Home Equity Lending News

Autonomous Home Equity Wholesaler Eyes Correspondent

By SAM GARCIA

 

A wholesale lender that provides an autonomous home-equity process for home lenders that are pivoting from refinances has its eye on the correspondent channel.

NFTYDoor LLC reportedly provides a plug-and-play home-equity platform that is autonomous for its clients. The digital platform enables loan originators to close more home-equity transactions with less work.

In an August 2022 launch announcement, the McLean, Virginia-based company said, “NFTYDoor is a proprietary digital end-to-end platform that leverages artificial intelligence to automate underwriting, closing, funding, and servicing. These innovations are regulatory compliant and reduce origination time and costs.”

Its website promotes home-equity loans and home-equity lines of credit that require only one-minute applications. Pre-qualifications are “instant,” and loans are closed “in as little as three days” on investor-owned houses. Loan amounts range from $25,000 to $250,000. The fixed-rate loan terms are 25 years.

Mark Schacknies, CEO, NFTYDoor

Their typical customer is an independent mortgage banking firm where refinances had accounted for 60 percent of their originations that is looking for alternative products, NFTYDoor CEO Mark Schacknies said in an interview. The LO sends the prospective borrower a link to a branded application with nine simple questions. The application is then verified through NFTYDoor’s automated process.

While the company has a retail channel, it is a small segment of the operation.

“Our whole business model is B2B,” Schacknies said. “So, we are basically creating a turnkey solution for other lenders so that they have a plug-and-play solution to be able to offer home-equity loan right now.”

He said that since their launch, they have signed up 22 new clients. While the company is currently only licensed in Florida, Illinois, Maryland, Virginia and Washington, D.C., it is quickly expanding its licensing in response to customers who are pressing it to be licensed in all 50 states.

“We think there is a multi-year, very interesting … opportunity in front of us,” Schacknies said.

With the wholesale model, loans are originated in the name of NFTYDoor. There are plans, however, to add a correspondent channel so the companies can close in their own name and utilize there own capital markets network or portfolio if they choose. Opening a correspondent business would enable NFTYDoor to avoid licensing issues and immediately expand business to all 50 states.

About half of its loans make it through the process with very little human involvement. It is when human involvement is needed that NFTYDoor staff jump into action.

“The only way you’re going to get back to the go-go years is through volume,” he concluded. “And for volume, you need automation.”

There are 22 people working in support of the company, including six full-time employees.

Schacknies said that last year’s volatile capital markets saw rates increase faster than ever, the bond market deteriorate to its worst level ever, and a liquidity crunch emerge.
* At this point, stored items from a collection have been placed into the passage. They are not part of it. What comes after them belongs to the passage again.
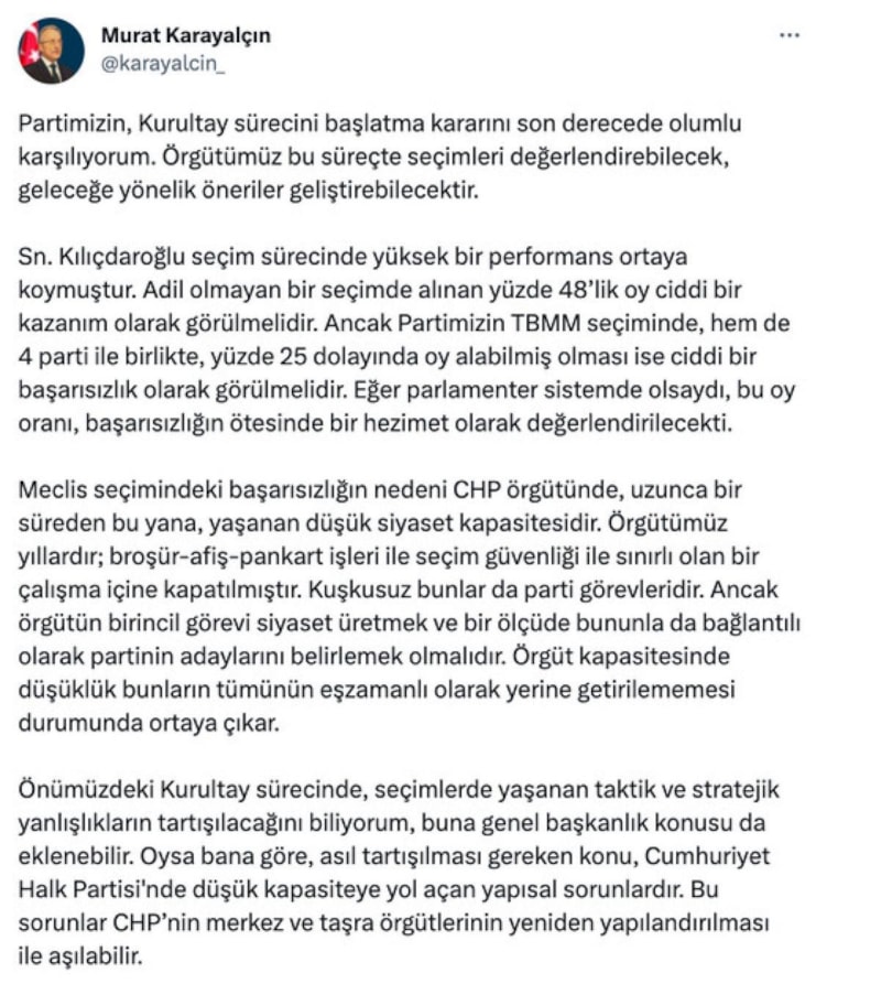 "Sayın Kılıçdaroğlu seçim sürecinde yüksek bir performans ortaya koymuştur. Adil olmayan bir seçimde alınan yüzde 48’lik oy ciddi bir kazanım olarak görülmelidir. Ancak partimizin TBMM seçiminde, hem de
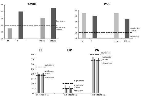 Moreover, distress related to relationships and time disposal was strongly perceived by women, although some items relative to PGWBI and MBI are better in female HCPs than in males. It has been suggested that women retain a greater capacity for emotional regulation and cognitive control than men, which may help to reduce undesirable emotional responses and benefit their overall well-being [39,40]. Instead, men are more likely to internalize their stress and articulate their emotions, without consciously perceiving psychological distress as a factor influencing their overall well-being [39,40].
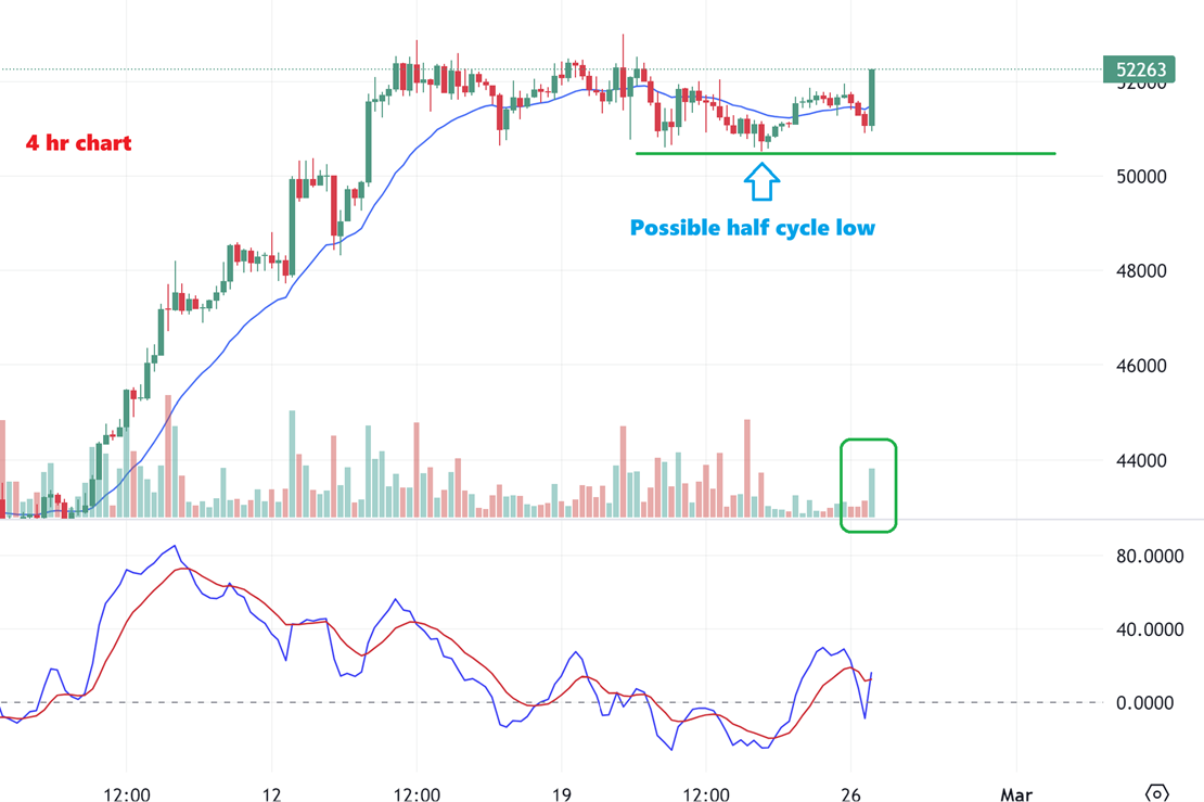 I then showed you that in doing some research I found that strong 2020 run for Bitcoin, we had a day 25 half cycle low that came up short of the 20 ema. That means that the current day 31 low could very well be the half cycle low.
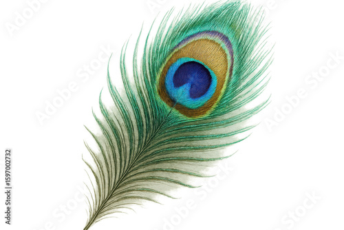 © Krtola , Fototapeta premium Beautiful peacock feather with transparent background, showcasing its vibrant colors and delicate structure
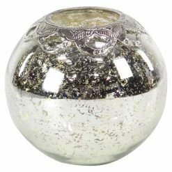 Brand new ๐คฉ Hurricane DecMode Glass Decorative Candle Holder – Silver / Clear ๐
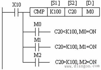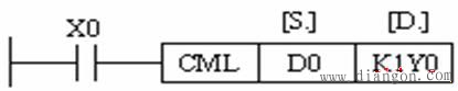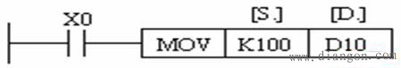 MOV指令将源操作数的数据传送到目标元件中,即[S.]→[D.]。MOV指令的使用说明如图所示。当X0为ON时,源操作数[S.]中的数据K100传送到目标元件D10中。当X0为OFF,指令不执行,数据保持不变。
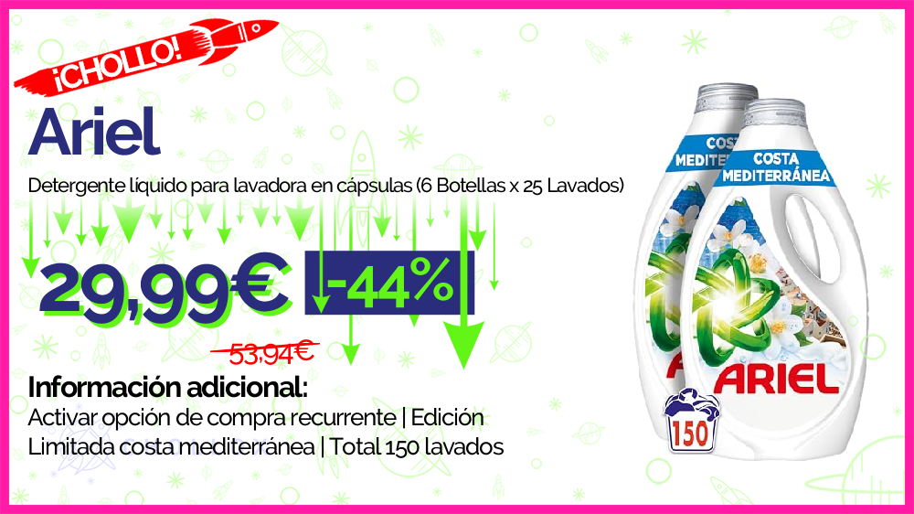 💥 🔉 Ariel - Detergente líquido para lavadora en cápsulas (6 Botellas x 25 Lavados) #Amazon
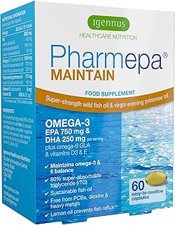 L'huile de poisson oméga-3 Pharmepa MAINTAIN, forte dose de 1000mg d’oméga-3 EPA & DHA par prise, huile de poisson de qualité pharmaceutique & huile d'onagre avec de la vitamine D3, 60 capsules
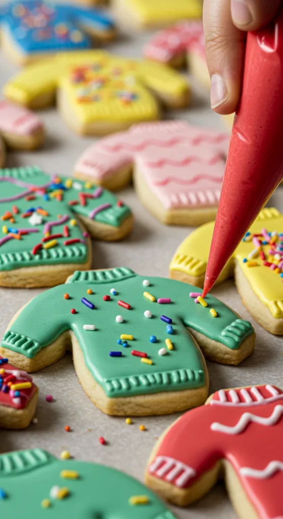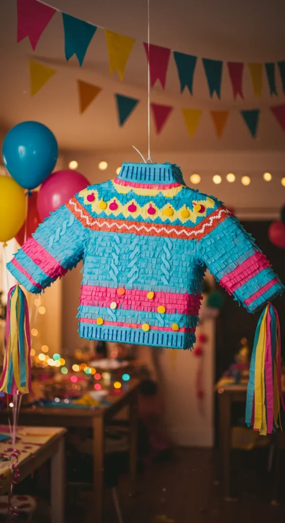 Bake sweater-shaped cookies and let everyone decorate them with frosting and sprinkles. It’s a sweet, hands-on party activity that doubles as dessert. Use a simple cookie cutter and affordable icing tubes for easy cleanup.
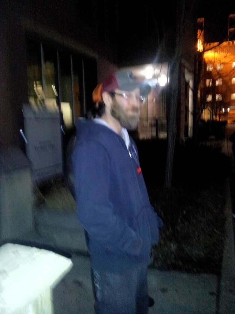 When I tried to walk inside the building, Hundert bumped himself against me and stopped me from going inside. Some of the Occupy marshals offered to move him out of my way that night, but I refused- it would have been hypocritical of me to support someone using violence in this situation- after all, Hundert began stalking me because I was standing-up for Occupy’s principles of non-violence.

Even today, the markets remain “choppy.”

Credit unions, he explained, had been accumulating home-equity assets at below-market rates. Now that their deposits are diminishing and they need to sell, the weighted-average coupon on their portfolio would require a substantial discount to sell.

NFTYDoor is able to mitigate capital markets turmoil thanks to an in-house partnership with an asset manager that solely focuses on residential mortgage-backed securities.

“They kind of provide a bit of an insulation to the direct  capital markets in the sense that they are our first investor as well as, effectively, our risk retention partner,” Schacknies explained. “If the waves are too choppy, they can hold it on their books.”

NFTYDoor hasn’t yet reached the scale needed for securitization, and their loans are sold in direct pool sales to direct buyers.